Work to complete
Your copy of the listing must be exact and must hold no images.

Supplied material
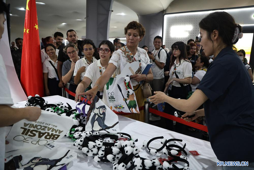 제30차 유엔기후변화협약(UNFCCC) 체결측 총회(COP30) 참가자들이 10일 '차이나 코너'에서 기념품을 수령하고 있다.
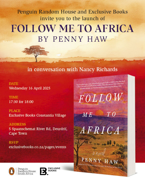 Penguin Random House and Exclusive Books invite you to the launch of Penny Haw’s new novel Follow Me to Africa!
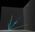 The other type, a "pixel detector", is slightly different. The detector records 3D particle trajectories as a series of a simple 2D static image just like how we record a movie with our cell phone. In this case the raw data is naturally 3D by simply stacking images along the time-axis, and requires no data reconstruction to just obtain 3D image data. The hardware challenge to make a pixel detector possible is, however, much harder than a wire detector. A pixel detector is employed in NEXT experiment, and is planned to be used for DUNE near detector. Below you can find an example particle trajectories in a pixel detector from simplified simulation.

Answer
 제30차 유엔기후변화협약(UNFCCC) 체결측 총회(COP30) 참가자들이 10일 '차이나 코너'에서 기념품을 수령하고 있다.
 Penguin Random House and Exclusive Books invite you to the launch of Penny Haw’s new novel Follow Me to Africa!
 The other type, a "pixel detector", is slightly different. The detector records 3D particle trajectories as a series of a simple 2D static image just like how we record a movie with our cell phone. In this case the raw data is naturally 3D by simply stacking images along the time-axis, and requires no data reconstruction to just obtain 3D image data. The hardware challenge to make a pixel detector possible is, however, much harder than a wire detector. A pixel detector is employed in NEXT experiment, and is planned to be used for DUNE near detector. Below you can find an example particle trajectories in a pixel detector from simplified simulation.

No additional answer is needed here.